Try it: Going through the material below, output exactly the lines from the one containing "Detects and circumvents" through the one containing "アミューズとして登場したのは", and no pictures.

───── Material provided

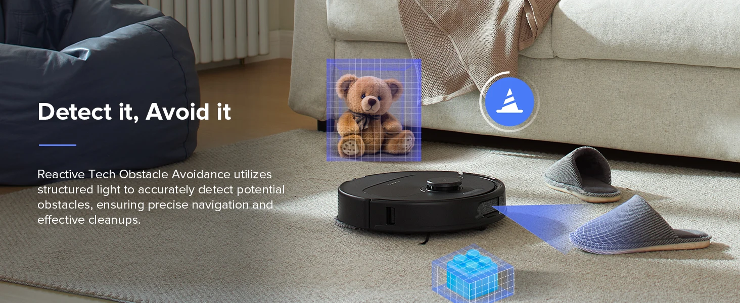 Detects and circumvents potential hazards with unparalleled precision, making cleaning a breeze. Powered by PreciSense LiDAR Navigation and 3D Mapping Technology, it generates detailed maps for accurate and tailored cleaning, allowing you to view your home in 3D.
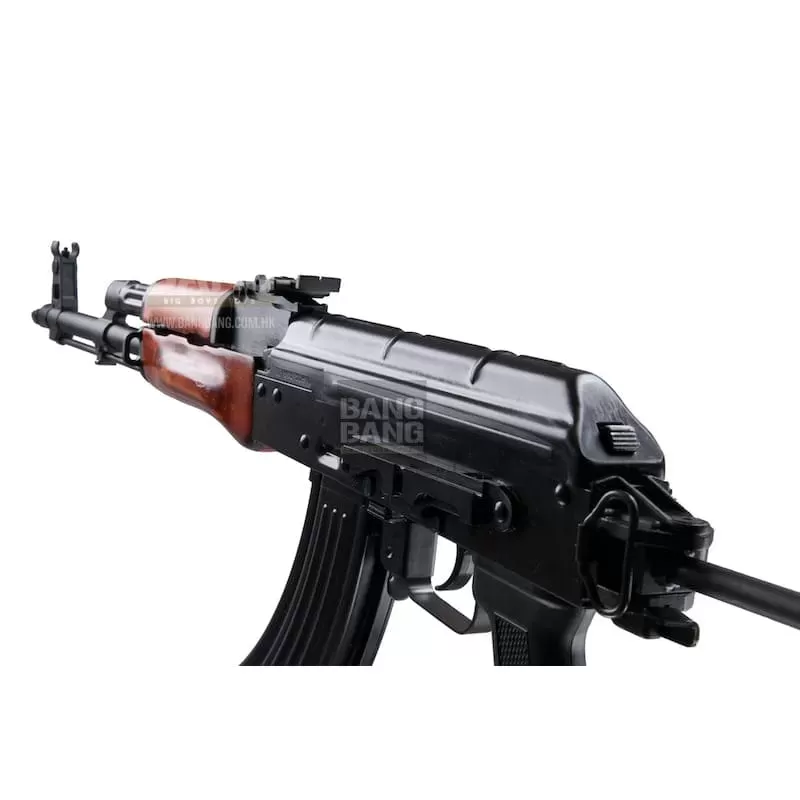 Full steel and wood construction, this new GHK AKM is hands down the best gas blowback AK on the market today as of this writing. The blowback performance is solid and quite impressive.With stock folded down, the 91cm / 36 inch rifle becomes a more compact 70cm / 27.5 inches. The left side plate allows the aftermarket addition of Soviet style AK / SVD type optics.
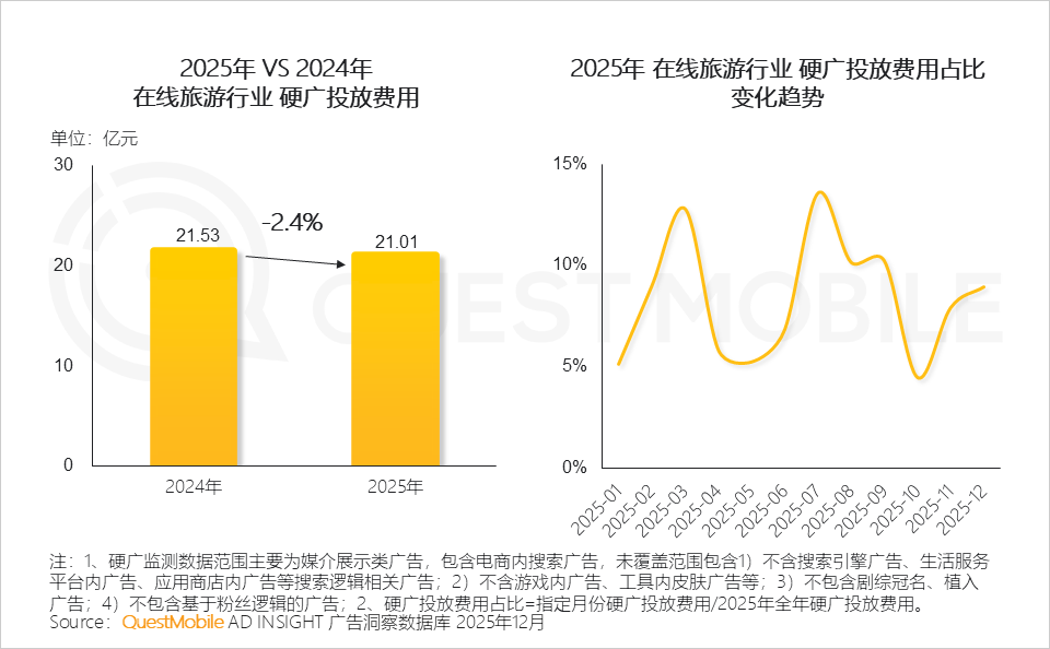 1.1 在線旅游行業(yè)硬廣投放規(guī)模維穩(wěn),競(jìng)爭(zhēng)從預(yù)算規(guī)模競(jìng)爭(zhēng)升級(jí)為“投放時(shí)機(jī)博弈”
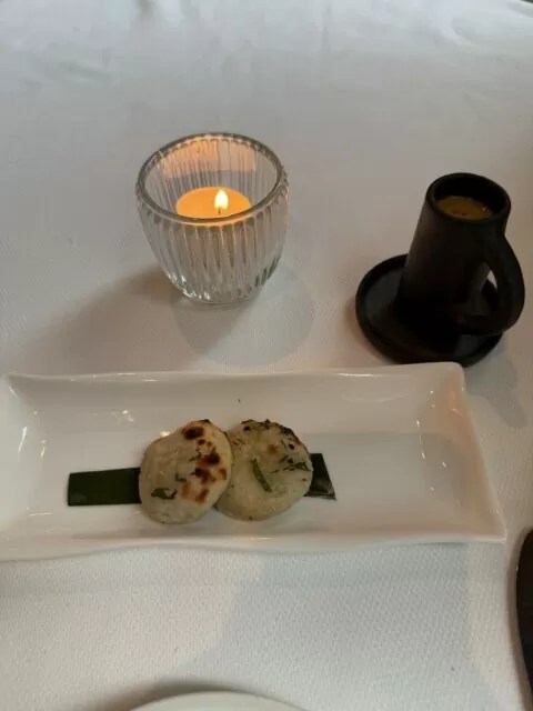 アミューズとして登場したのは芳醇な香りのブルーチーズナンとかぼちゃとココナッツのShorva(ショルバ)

──────────
───── Material provided

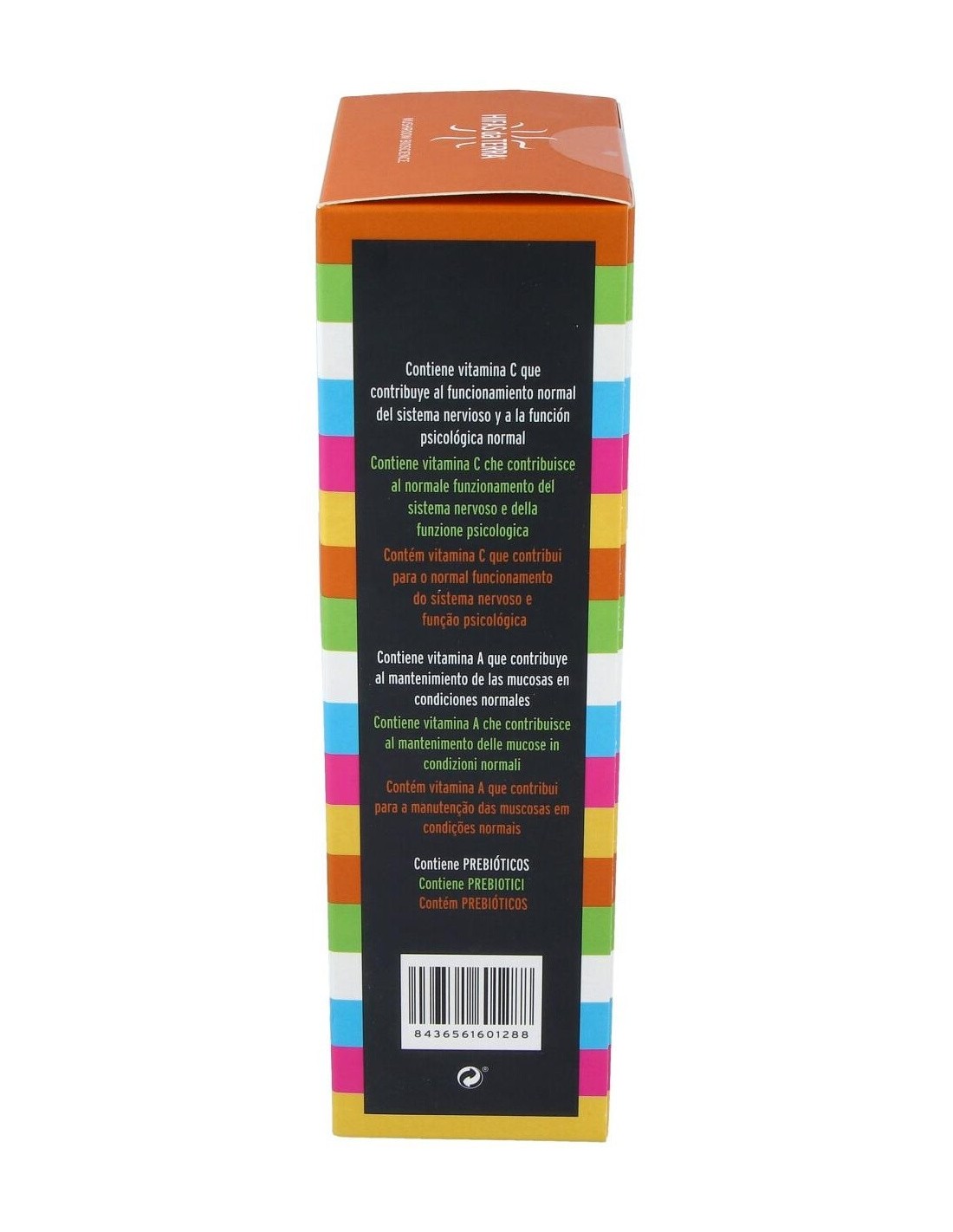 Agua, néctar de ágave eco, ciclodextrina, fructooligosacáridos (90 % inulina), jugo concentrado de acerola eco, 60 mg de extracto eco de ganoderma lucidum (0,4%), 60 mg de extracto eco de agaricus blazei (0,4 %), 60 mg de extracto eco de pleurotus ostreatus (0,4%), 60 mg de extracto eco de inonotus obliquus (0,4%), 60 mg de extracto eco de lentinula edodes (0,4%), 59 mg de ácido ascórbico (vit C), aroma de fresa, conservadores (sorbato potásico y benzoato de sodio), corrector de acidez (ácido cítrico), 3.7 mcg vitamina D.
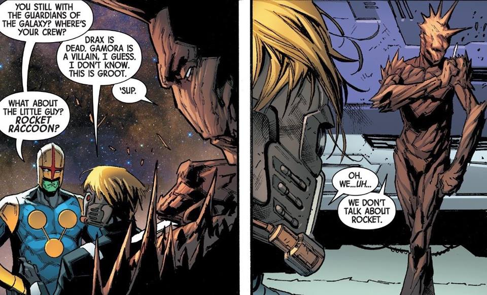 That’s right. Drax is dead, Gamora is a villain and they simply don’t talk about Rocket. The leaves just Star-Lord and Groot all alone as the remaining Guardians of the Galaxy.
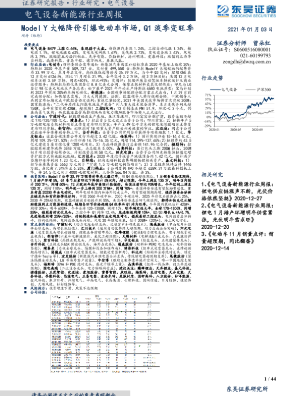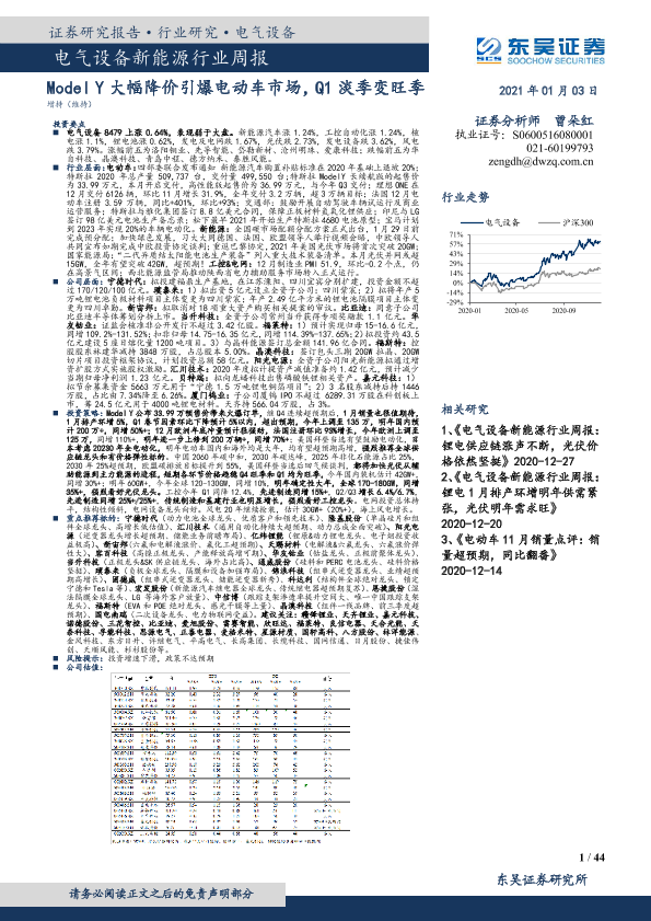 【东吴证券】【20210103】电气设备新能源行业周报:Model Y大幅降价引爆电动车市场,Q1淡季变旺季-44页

──────────

Answer to the problem:
 Detects and circumvents potential hazards with unparalleled precision, making cleaning a breeze. Powered by PreciSense LiDAR Navigation and 3D Mapping Technology, it generates detailed maps for accurate and tailored cleaning, allowing you to view your home in 3D.
 Full steel and wood construction, this new GHK AKM is hands down the best gas blowback AK on the market today as of this writing. The blowback performance is solid and quite impressive.With stock folded down, the 91cm / 36 inch rifle becomes a more compact 70cm / 27.5 inches. The left side plate allows the aftermarket addition of Soviet style AK / SVD type optics.
 1.1 在線旅游行業(yè)硬廣投放規(guī)模維穩(wěn),競(jìng)爭(zhēng)從預(yù)算規(guī)模競(jìng)爭(zhēng)升級(jí)為“投放時(shí)機(jī)博弈”
 アミューズとして登場したのは芳醇な香りのブルーチーズナンとかぼちゃとココナッツのShorva(ショルバ)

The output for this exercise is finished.